Even looking back on the day her daddy died, I can glimpse the good within the bad. I knew Steve died a happy death, on the best day of his life, doing what he loved, with the two people he loved most in the world, and his beloved dolphins to guide his way. He always used to tell me, “If I go, I want to go on a sailboat. And if I’m ever missing, find out if anyone rented a boat, ’cause it was probably me.”

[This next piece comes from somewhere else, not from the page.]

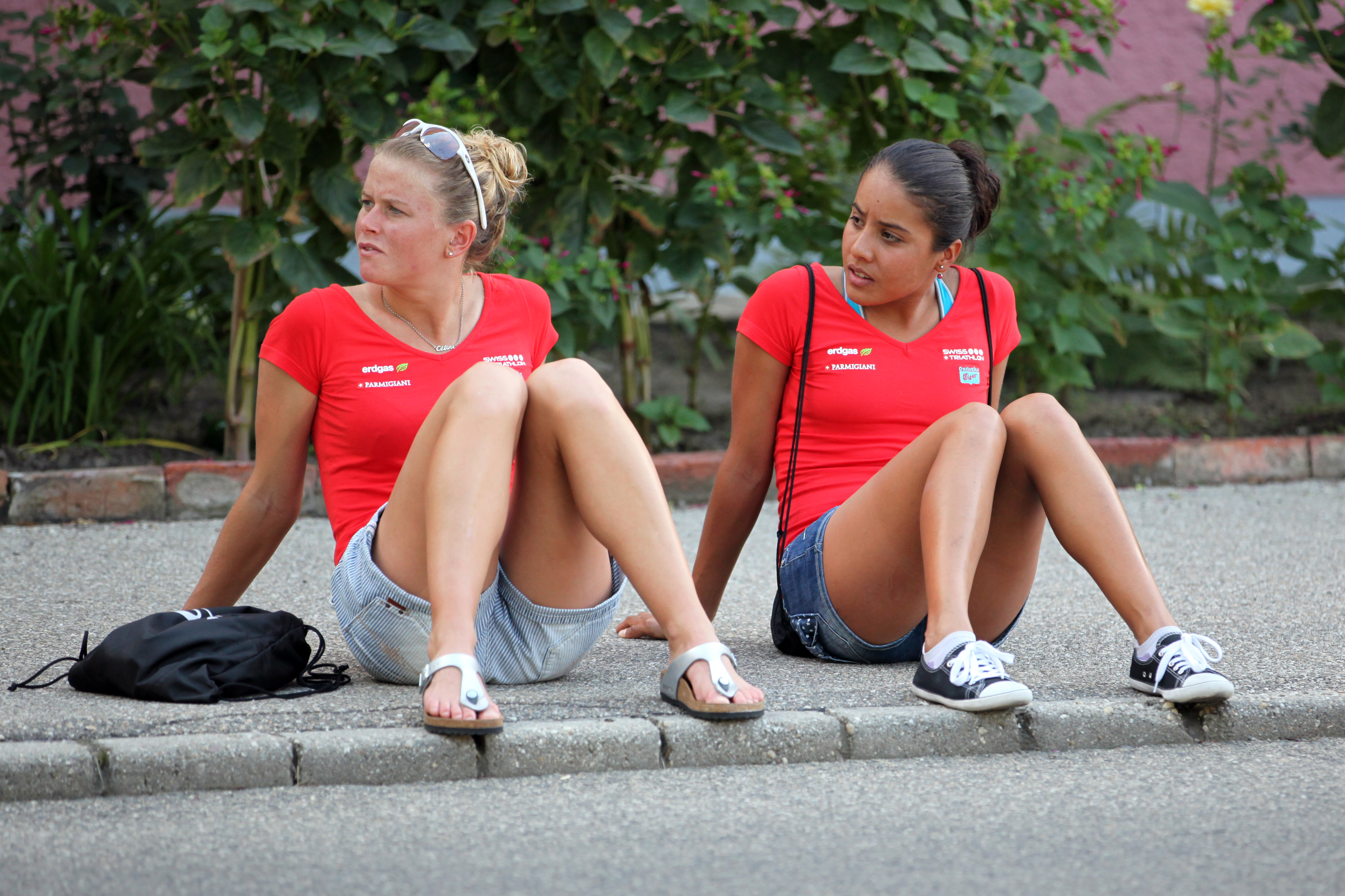 Ruth Nivon-Machoud (right) and Celine Schärer (left) at the World Cup triathlon in Tiszaújváros.

G‑d wants us to be His partner in a life that in this world will not be free of pain

I have come to believe G‑d wants us to be His partner in a life that in this world will not be free of pain. He will share our burden if we share His, and frankly, even if we don’t. We cannot know His purpose, but we can pray for His help, and pray for Him to ease the suffering of others. And then, as a collective whole and as individuals, it is time to get to work. To do what it takes to heal the world He gave us. Heal His people. Heal His planet. Heal each other. And heal ourselves. We can live the Torah He gave us, and do the mitzvahs He promises will lead to our redemption. It is not enough to say, “I believe in G‑d but I can’t know his ways.” That’s true, but it doesn’t let us off the hook. Instead, the believing is what gives us the strength and the responsibility to do whatever it takes to find meaning in our own complicated lives.

For me, it was teaching my daughter, nurturing her, caring for her, helping her through recovery from our ordeal that gave my life meaning after the accident. Now, she’s the one who’s teaching me as she calls to tell me what she’s learning, or to teach me new prayers, or to show me new insights into a Torah I’ve only just begun to understand. I light candles every Friday night now . . . and I thank G‑d for every blessing, for every wonderful surprise.

Someone could look at my life and say how sorry they are for my family’s tragedy. I say how thankful I am for our blessings.